Réparation effectuée

1) Sécurisation et remise en conformité du raccord

  • Mise en sécurité du système, puis intervention sur le raccord incriminé.

  • Reprise du raccordement (méthode propre et conforme), vérification de l’état du flare et des portées.

  • Ajout/ajustement de mesures anti-vibration lorsque pertinent (petites actions qui prolongent la durée de vie).

2) Test d’étanchéité et validation

  • Test d’étanchéité complet sur le circuit accessible.

  • Vérification de la tenue dans le temps (stabilité des mesures).

3) Remise à niveau de la charge et optimisation

  • Ajustement de la charge selon les lectures et la longueur de liaisons (toujours avec une approche rigoureuse).
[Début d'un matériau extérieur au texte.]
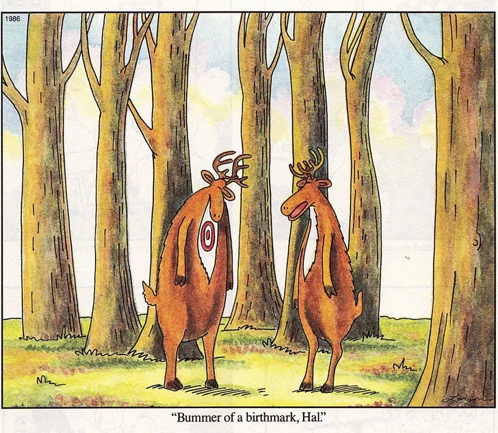 La caza es un pasatiempo popular en muchas partes del mundo y, en Estados Unidos, los ciervos son un objetivo frecuente de los cazadores. Los cómics de Far Side solían retratar situaciones con ciervos y cazadores, ya fueran humanos o animales. A veces las bromas eran a costa de los cazadores, pero otras eran los ciervos los que salían mal parados.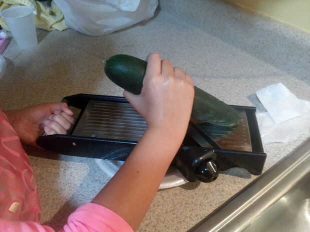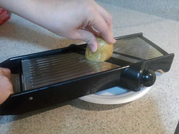 Usando una máquina de cortar vegetal o un cuchillo, cortar finamente las papas y pepinos. Apartar el pepino y colocar una capa de las rebanadas de patata en un plato de microondas seguro.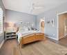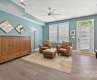 Modern 4-story townhouse offering space, style, and flexibility. The entry level features a 1-car garage, half bath, and a bonus room—ideal for an office, gym, or guest space. The main level boasts an open layout with a spacious living room, dining area, and a large kitchen with center island, plus access to a private balcony. Upstairs, the primary suite includes a full bath, while the second bedroom has its own ensuite and is conveniently located near the laundry closet. The top floor offers a bright open bedroom with a full bath and access to a private terrace—perfect for an independent teen, young adult, or long-term guest. With multiple en-suite bedrooms, two outdoor spaces, and a layout made for modern living, this home checks all the boxes.
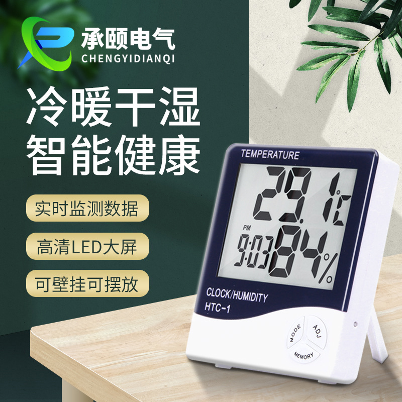 HTC-1 higrometer suhu elektronik dalam ruangan presisi tinggi rumah layar besar dengan alarm elektronik jam pabrik grosir
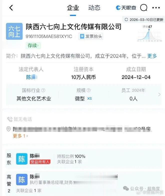天眼查泄漏,二东谈主关联公司建树于2024年12月,注册成本10万,法定代表东谈主是陈某。

  • Contrôle final : intensité, stabilité du compresseur, températures, cycles.

Résultat : confort rétabli et fonctionnement stabilisé

Après la réparation :

  • La thermopompe refroidit plus rapidement et maintient la consigne sans forcer.

  • Les cycles courts ont disparu, ce qui réduit l’usure et améliore l’efficacité.

  • Le client retrouve un confort stable, et surtout la tranquillité d’esprit : une micro-fuite traitée tôt, c’est souvent un compresseur sauvé.

Détails d’installation saillants (ce qu’on voit et ce que ça implique)

  • Unité extérieure sur supports muraux : excellent pour éviter la neige et limiter l’humidité au sol, à condition de surveiller vibrations/serrage.

  • Cheminement protégé des liaisons : bon point pour la durabilité et l’esthétique.

  • Environnement végétalisé en bas : beau, mais on recommande de garder un dégagement pour limiter feuilles/pollen sur le serpentin.

  • Mur de fondation en crépi + brique : typique Montréal; on valide toujours la solidité des ancrages et l’étanchéité des passages.

Conseil AirGreen (préventif, simple et rentable)

Pour éviter ce type de baisse de performance :

  • Un entretien régulier (nettoyage, vérifications, mesures) repère les dérives avant la panne.

  • Sur une installation murale, une vérification annuelle des points de fixation et du comportement vibratoire est un vrai plus.

  • Dès que vous sentez une baisse de confort, mieux vaut intervenir : une charge trop basse peut faire travailler le compresseur dans de mauvaises conditions.